The difficulty, of course, is that teams perform differently from one day to the next, and from one opponent to the next. There is no perfect rating for any team that explains exactly what happened during any given ballgame. The Padres can beat the Dodgers by 5 today and lose by 3 tomorrow, while the Dodgers beat the Giants twice by 7, and the Giants beat the Padres by 5 and lose by 2.

There is an optimal point somewhere between all of the scores that describes the average performance of San Diego, San Francisco, and Los Angeles against each other. The computer's goal is to find that point and minimize the error. Baseball Playoffs Now's algorithm constantly adjusts each team's rating (which then ripples out throughout Major League Baseball, since every team is connected to every other team through a formula for every game) and finds the point at which there is the least MLB-wide error. At that point, we have the optimal ratings for today.

Running this system twice (once with run ratios, once with wins/losses only), we create two ratings for each team: predictive and retrodictive. Synthesizing them creates an important part of Baseball Playoffs Now's overall rating for each team. You can see below the difference between today's predictive and retrodictive ratings for each team. I have starred teams with 8 or more rank differences between the two ratings.
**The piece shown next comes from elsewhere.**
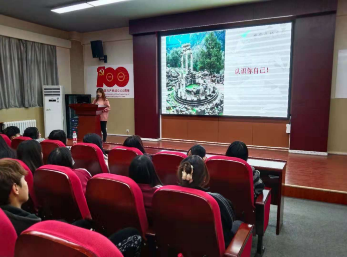 讲座开始,常薇老师首先从“认识你自己”进入,让同学们认真思考,迅速进入听讲座的状态。常薇老师依据多年的从业经验,向同学们生动具体的讲解了自我认知、自我体验、自我控制等知识,并向在场的老师及学生介绍了正确认识自我的方法。

Computer Models (predictive = run ratios, retrodictive = wins/losses)

ARI - predictive # 8 - retrodictive # 13
ATL - predictive # 6 - retrodictive # 14 *****
BAL - predictive # 18 - retrodictive # 11
BOS - predictive # 7 - retrodictive # 2
CHC - predictive # 1 - retrodictive # 7
CHW - predictive # 3 - retrodictive # 4
CIN - predictive # 24 - retrodictive # 22
CLE - predictive # 11 - retrodictive # 23 *****
COL - predictive # 28 - retrodictive # 28
DET - predictive # 20 - retrodictive # 26
FLA - predictive # 17 - retrodictive # 9 *****
HOU - predictive # 14 - retrodictive # 8
KAN - predictive # 26 - retrodictive # 24
LAA - predictive # 10 - retrodictive # 3
LAD - predictive # 16 - retrodictive # 19
MIL - predictive # 23 - retrodictive # 18
MIN - predictive # 22 - retrodictive # 16
NYM - predictive # 13 - retrodictive # 21 *****
NYY - predictive # 15 - retrodictive # 17
OAK - predictive # 2 - retrodictive # 6
PHI - predictive # 4 - retrodictive # 12 *****
PIT - predictive # 19 - retrodictive # 20
SDG - predictive # 30 - retrodictive # 30
SEA - predictive # 29 - retrodictive # 29
SFO - predictive # 27 - retrodictive # 27
STL - predictive # 12 - retrodictive # 10
TAM - predictive # 5 - retrodictive # 1
TEX - predictive # 21 - retrodictive # 15
TOR - predictive # 9 - retrodictive # 5
WAS - predictive # 25 - retrodictive # 25